Mom: See? That is the type of attitude we need to talk about, you should want something!
20-something girl: Okay, I will read books.
Mom: (sighs)

–Penn Station

Overheard by: amazed by ignorance

Thug #1: Yo, we’re in a serious predicament!
Thug #2: Nigga, where did your foolish ass learn that shit?
Thus #1: Law & Order.

–Times Square

Overheard by: becca

Asian teen #1 (pointing to friend sitting nearby): Hey, Richard*, are you tall?
(friend shrugs) Okay, you can be shaggy! (pointing to kid sitting next to him) And you can be Scooby-Doo!
Asian teen #2 (from the other side of the car): Ooh!
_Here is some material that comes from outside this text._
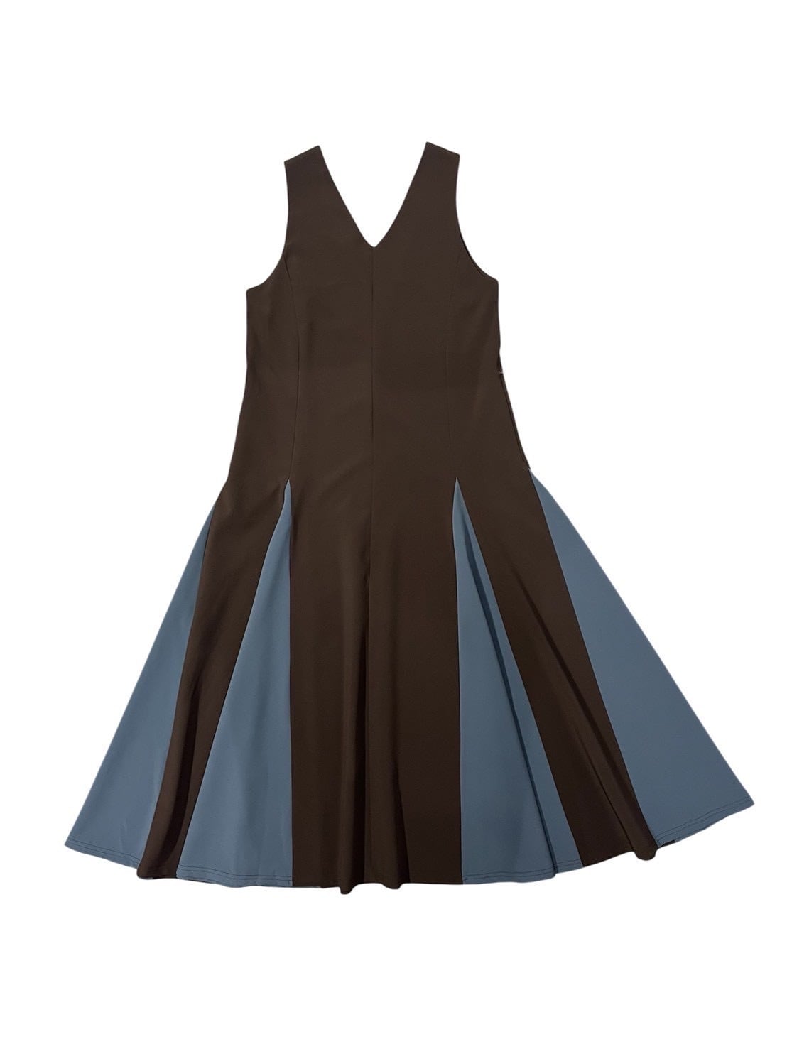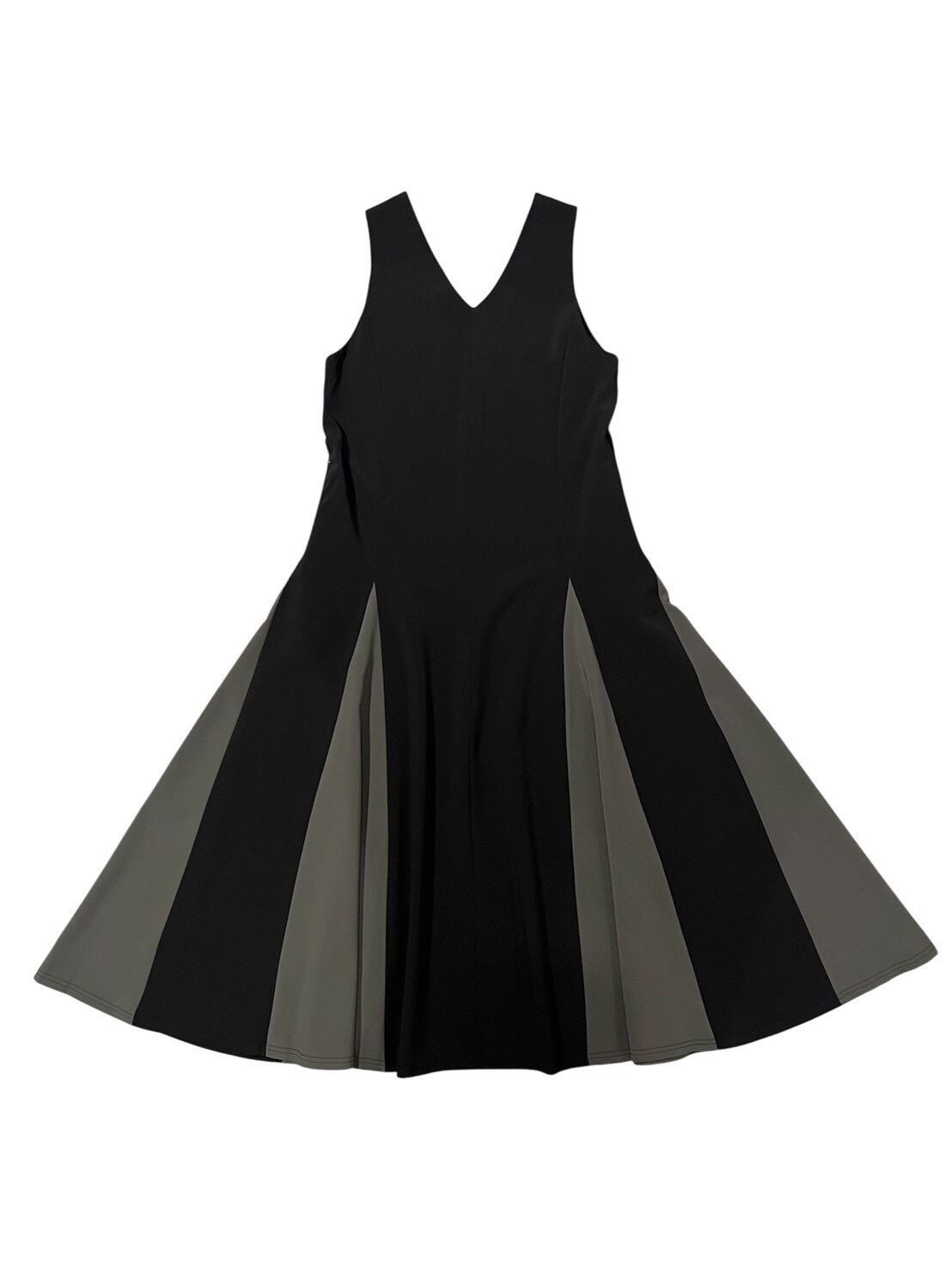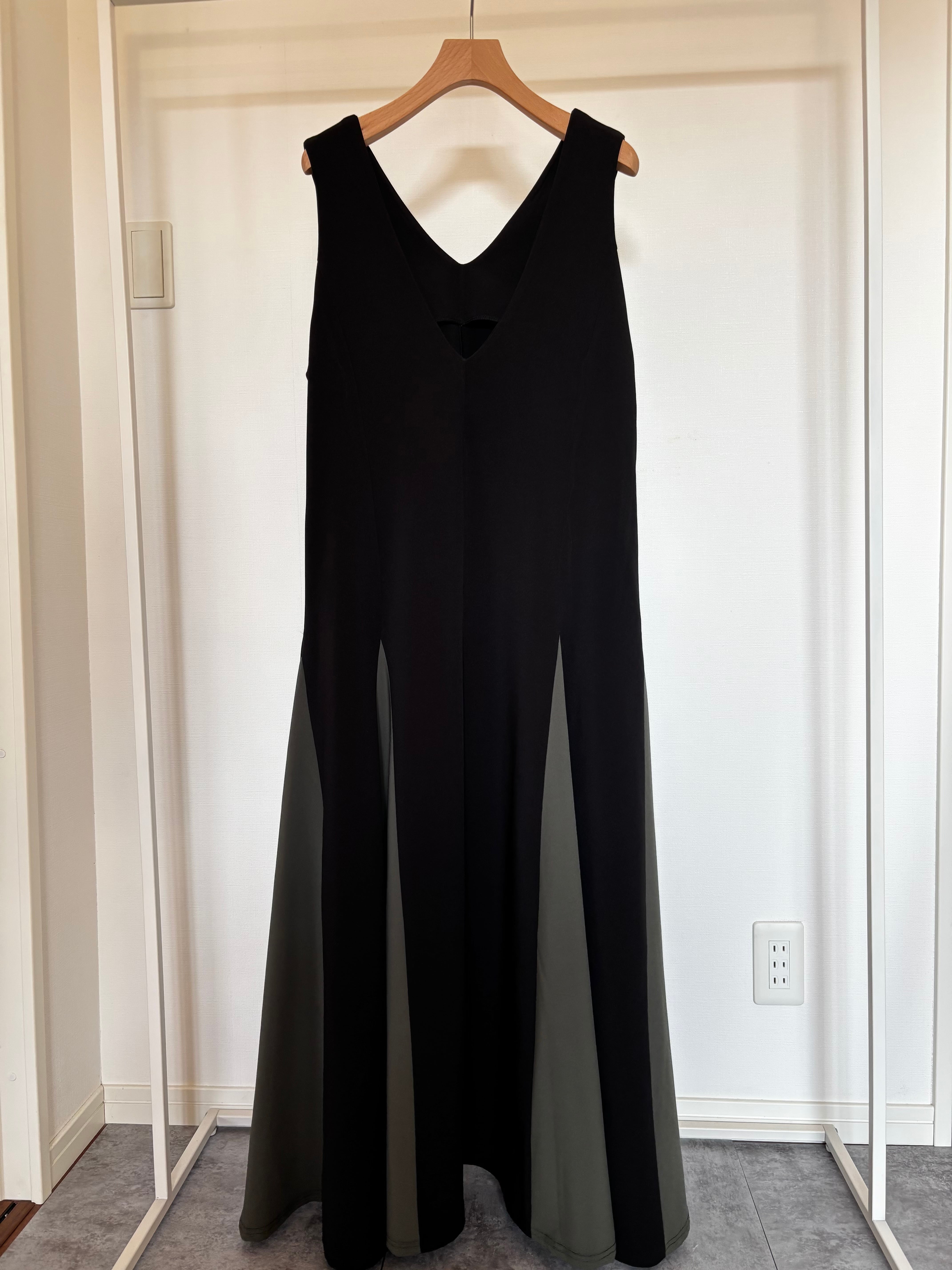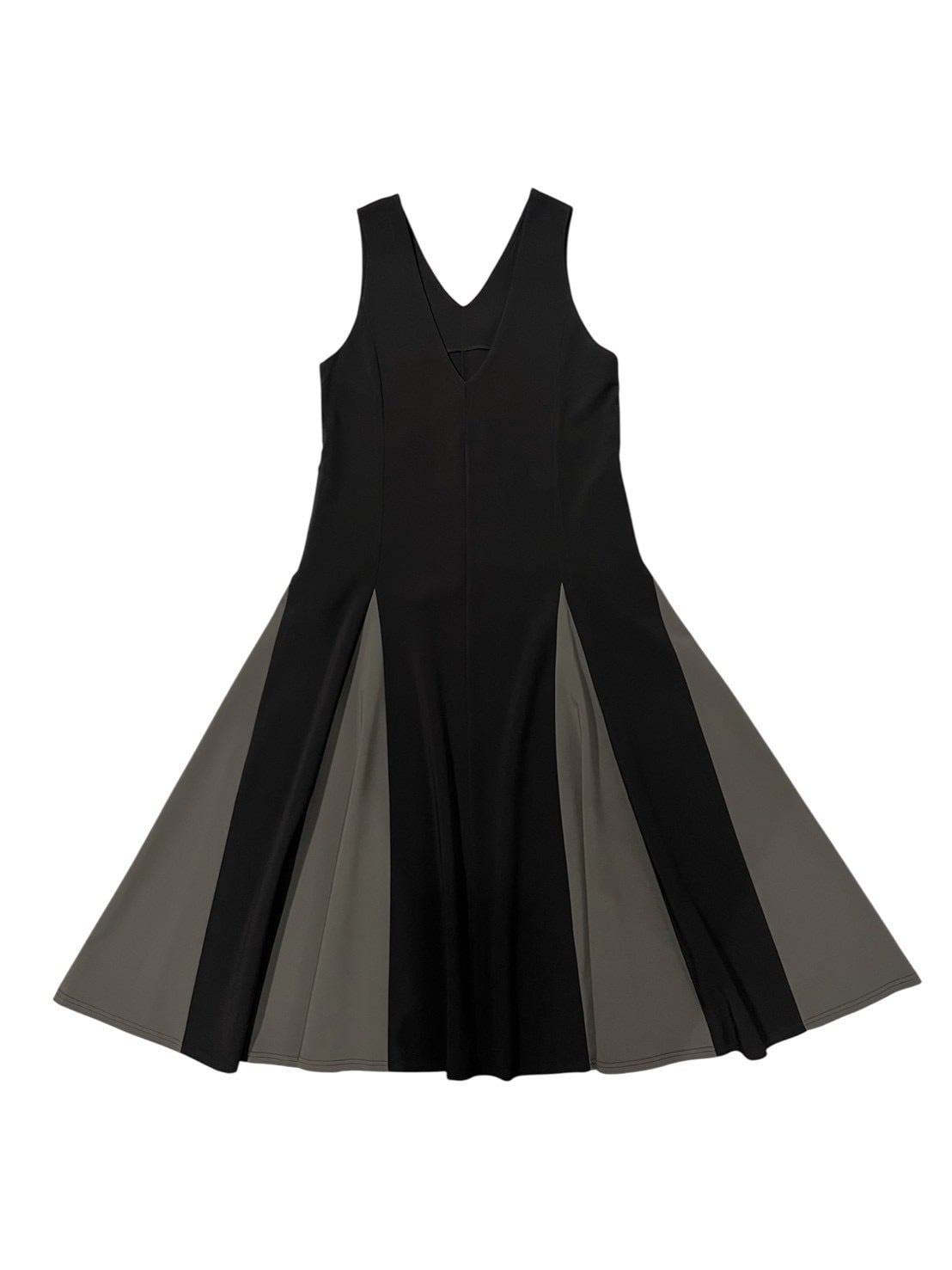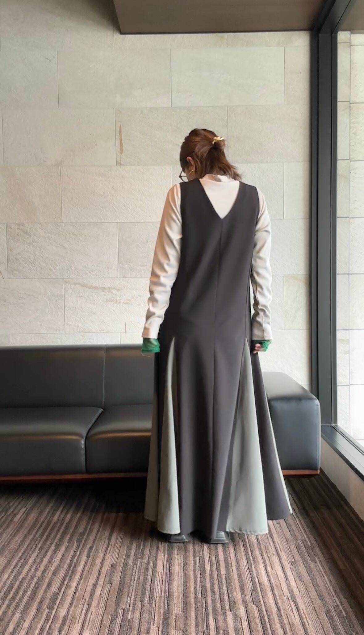 ポイントはスカート部分に施した大胆なバイカラーデザイン。

I wanna be Fred!

–7 Train

Overheard by: Bastian

(about the Sex and the City movie)
Woman #1 : Yeah, I never saw the series but I think I'll still understand the movie.
Woman #2: Oh, yeah. I watched the whole series 'til the end.
Woman #1: Which one's Carrie?
Woman #2: Sarah Parker is Carrie. Yeah, and she was with this guy for a loooooong time. A loooong long time.
Woman #1: Yeah?
Woman #2: Yeah, they call him “Mista bits.”
Woman #1: What do they call him?
Woman #2: Mista bits.

–Downtown E Train

Overheard by: E

Female MTA employee: I ain’t seen you in forever! Did you start working nights again?
Male MTA employee: Yeah… It was alright. But then I got bored, so I started watching soap operas again. I can’t believe Tad still looks the same.
Female MTA employee: Shit, you like him?
Male MTA employee: Hell yeah, I’m OG.